Vetting ABBYY ‘Keen Eye’ FlexiCapture at ImageSource
First off, ABBYY means “keen eye”, an apt name for a product that dynamically and automatically captures and processes widely disparate documents. Powerful document recognition separates and classifies docs, and state-of-the art optical character recognition rips the data from the images. I like the motto that pops up on screen – “take the data, leave the paper”. I love doing just that, sending paper briskly off to start its next recycled life. It’s the greenest thing to do, especially when compared to filling endless cabinets and long-term off-site storage facilities.
When you want to recommend, sell, support, and solve major customer problems with ECM software at ImageSource, due diligence mandates a thorough feature review and testing. I’ll describe some of the steps I was involved with in this process for ABBYY FlexiCapture – but mine is but a single slice of the vet team pie. Development teams and other engineering teams performed specific examinations to answer questions about integration, APIs, and more narrow capabilities to solve unique problems faced by eager customers. Also, ImageSource staff with a variety of titles took a week-long training course with intensive labs. Unfortunately I missed the class but was given the opportunity to spin up for a pre-sales demo last year, which was a lot of fun.

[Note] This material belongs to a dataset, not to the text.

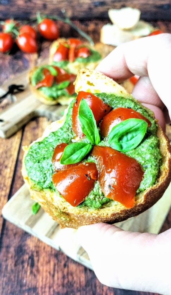 Preparar estas bruschettas es fácil y rápido. Para hacer el pesto, solo necesitas triturar los ingredientes juntos, para luego untarlo sobre los crostini recién tostados. Finalmente, se agregan los tomates y ¡el plato está listo para disfrutar!

So here’s a peek at our process:
Laptop Install
First things first! I like to be able to run new software on my laptop whenever possible. This frees me from all bandwidth and location constraints. I can easily focus on the vet effort on a plane, down by the river, wherever and whenever. ABBYY FlexiCapture has a convenient ‘Standalone Installation’ which gives you access to all the key components on one box.
Obtain Sample Images from Client
In this case we gathered dozens of hardcopy invoices from a large international corporation. The images were not pretty and included originals, copies, printed faxes, you name it.
Ascertain Server Needs
After reviewing the ABBYY documentation we set the requirements for our labs – memory per server, disk space, software required, scan station requirements, scanner requirements, and required operating systems.
Spin Up VMs
Thanks to Mike Peterson we had three servers up in no time.
Convening the Team , Locking Down the ‘War Room’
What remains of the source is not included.